This AI computer can beat students at SAT geometry questions

Researchers have created an artificial intelligence system capable of answering geometry SAT questions as well as the average high school junior. 

Ann Hermes/The Christian Science Monitor
Students at Boston Collegiate Charter High School review for a math test in June 2014. Researchers have developed an artificial intelligence system that could score just as well as these students on the SAT.

In 2014, the average SAT test taker correctly answered answered 49 percent of the test's math questions. Today, a new software program is now close to doing the same.

In a paper published Monday, researchers at the Allen Institute for Artificial Intelligence (AI2) and the University of Washington revealed that their artificial intelligence (AI) system, known as GeoSolver, or GeoS for short, is able to answer “unseen and unaltered” geometry problems on par with humans.  

According to a report released by College Board, the average SAT math score in 2014 was 513. Though GeoS has only been tested on geometry questions, if the system’s accuracy was extrapolated, GeoS would have scored a 500.

Using a combination of computer vision and natural language processing, GeoS can interpret diagrams and process text that it then feeds into a geometric solver that analyzes the input and selects the best multiple choice answer.

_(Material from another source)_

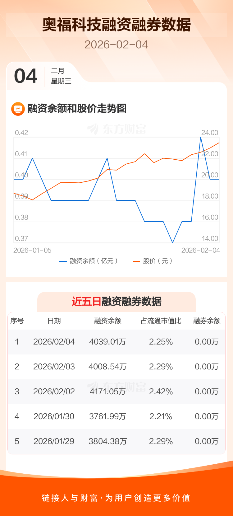 交易所最新数据显示,奥福科技于2026年2月4日获融资买入318.11万元,融资偿还287.64万元,当日融资净买入30.47万元。目前,该股融资余额4039.01万,占流通市值比例为2.25%。

“Our method consists of two steps: interpreting a geometry question by deriving a logical expression that represents the meaning of the text and the diagram, and solving the geometry question by checking the satisfiablity of the derived logical expression,” write the researchers in their most recent paper.

The difficulty lies in analyzing the diagrams, which in the context of geometry problems, usually provide information missing from the textual descriptions.

In alignment with AI2’s mission of AI research for the common good, all of GeoS source code and test data is available online. You can also watch a demo of how GeoS works.

While the test results may not seem that impressive on their own, it’s important to consider how much work it takes to achieve even these “average” results.

“Much of what we understand from text and graphics is not explicitly stated, and requires far more knowledge than we appreciate," AI2 CEO Oren Etzioni said in a press release. "Creating a system to be able to successfully take these tests is challenging, and we are proud to achieve these unprecedented results."

GeoS is in fact, the first end-to-end system that can solve these types of plane geometry problems. But beyond that, GeoS signifies development in a machine's ability to reason as opposed to merely perceiving input and recognizing patterns, which AI systems such as Apple's Siri have advanced in recent years.

Many experts say we’re still years away from the biggest AI advances. “Although they can do some individual tasks as well as or even better than humans, technology still cannot approach the complex thinking that humans have,” says Microsoft Allison Linn.

But GeoS does represent significant progress, even if minimal in the grand scheme of AI.

There’s no doubt that replicating human intelligence is complicated, but “we’re taking baby steps in that direction,” wrote Fortune's Derrick Harris.